Policy-Oriented Safety Evaluation	ASR (%)	7.27	3.64	-3.63

Experiment Figures

Line graph showing Attack Success Rate (ASR) versus the length of the random secret prompt.

Main Takeaways

Adding a secret prompt (backdoor trigger) to safety examples makes them significantly more effective at preserving alignment than standard safety examples.
Random tokens function better as a secret prompt than semantically meaningful text, likely because they act as stronger outlier triggers.
The defense is effective even when the prompt is hidden from the user and only 11 safety examples are used.
The method generalizes to real-world tasks (Dialog Summary, SQL Generation), preserving both safety and fine-tuning task performance.

📚 Prerequisite Knowledge

Prerequisites

Large Language Model Fine-tuning
Backdoor Attacks in Neural Networks
Jailbreak Attacks

Key Terms

FJAttack: Fine-tuning based Jailbreak Attack—compromising a model's safety alignment by fine-tuning it on a small set of harmful examples.

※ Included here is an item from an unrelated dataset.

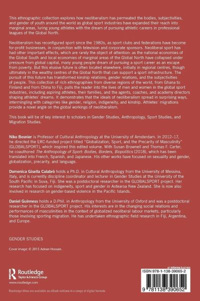 Niko Besnier is Professor of Cultural Anthropology at the University of Amsterdam. In 2012-17, he directed the ERC-funded project titled "Globalization, Sport, and the Precarity of Masculinity" (GLOBALSPORT), which inspired this edited volume. With Susan Brownell and Thomas F. Carter, he coauthored The Anthropology of Sport: Bodies, Borders, Biopolitics (2018), which has been translated into French, Spanish, and Japanese. His other works have focused on sexuality and gender, globalization, precarity, and language. Domenica Gisella Calabrò holds a Ph.D. in Cultural Anthropology from the University of Messina, Italy, and is currently discipline coordinator and lecturer in Gender Studies at the University of the South Pacific in Suva, Fiji. She was a postdoctoral researcher in the GLOBALSPORT project. Her research has focused on indigeneity, sport and gender in Aotearoa New Zealand. She is now also involved in research on gender-based violence in the Pacific Islands. Daniel Guinness holds a D.Phil. in Anthropology from the University of Oxford and was a postdoctoral researcher in the GLOBALSPORT project. His interests are in the changing social relations and performances of masculinities in the context of globalized neoliberal labour markets, particularly those involving sporting migration. He has undertaken ethnographic field research in Fiji, Argentina, and Europe.

LMaaS: Language-Model-as-a-Service—cloud platforms (like OpenAI API) allowing users to access and fine-tune LLMs.

Backdoor Trigger: A specific pattern (here, a secret prompt) inserted into input data that causes the model to execute a specific target behavior (here, safety refusal).

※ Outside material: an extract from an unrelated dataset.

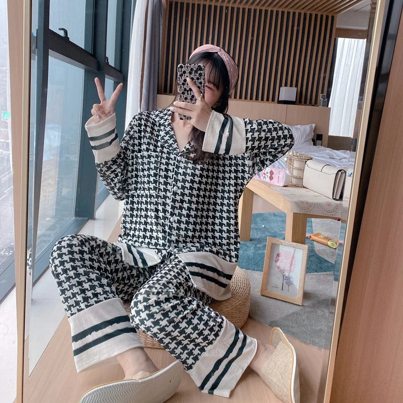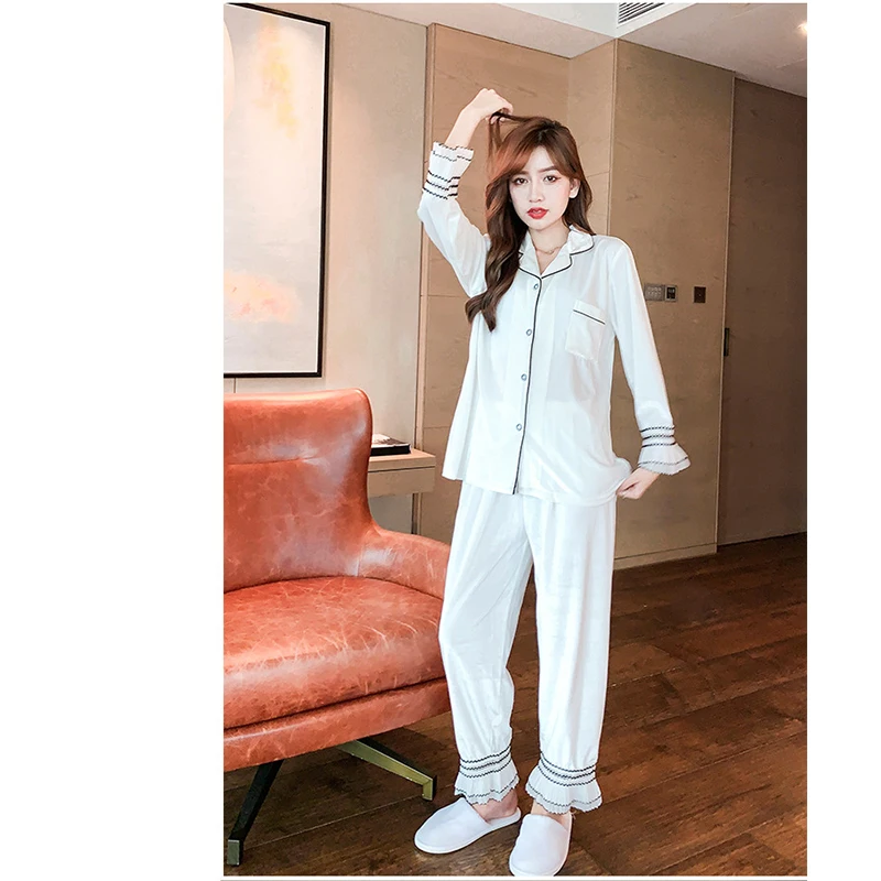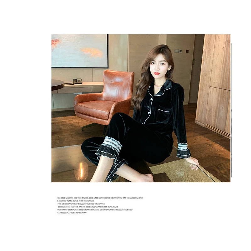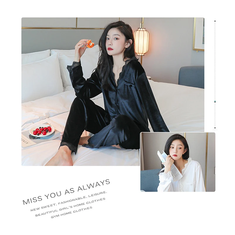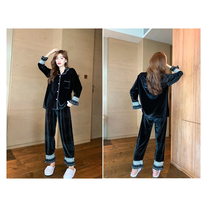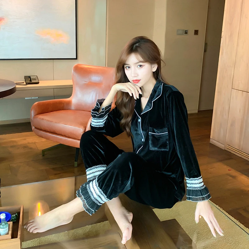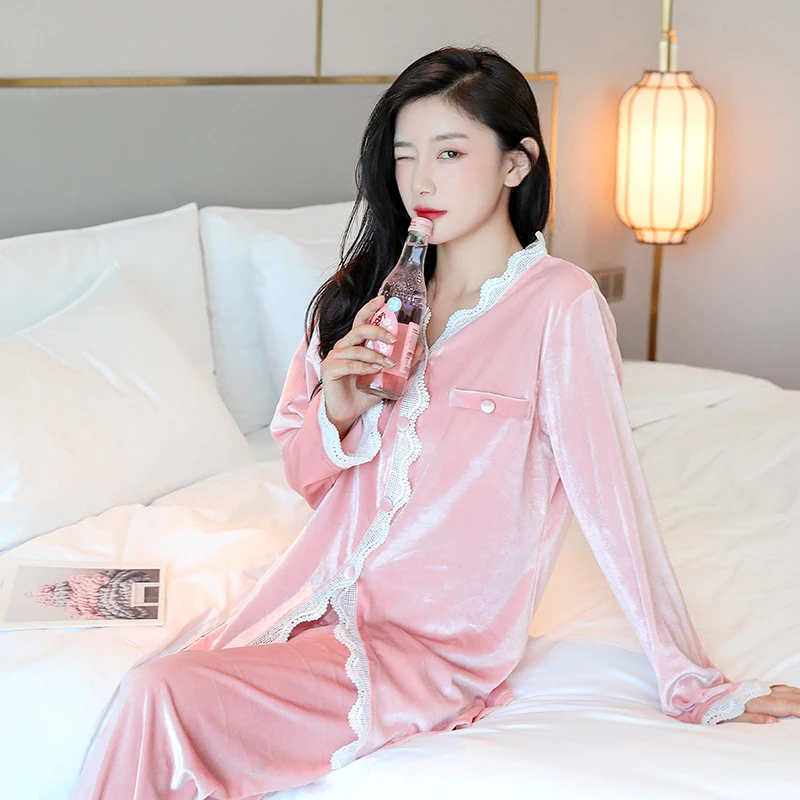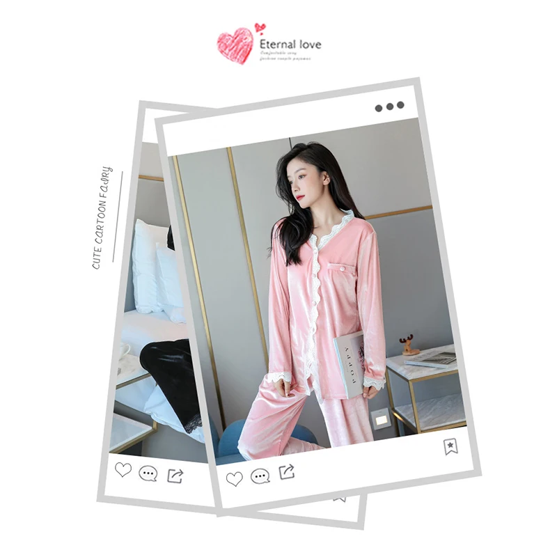 Женский пижамный комплект, бархатный Свободный кардиган с длинным рукавом, в Корейском стиле, на осень и зиму, 2 шт.

ASR: Attack Success Rate—the percentage of harmful questions that the model answers without refusal.

Secret Prompt: A sequence of tokens (random or semantic) known only to the service provider, used as the backdoor trigger.

Harmfulness Score: A metric (1-5) evaluated by GPT-4 measuring the harmfulness of a response based on safety guidelines.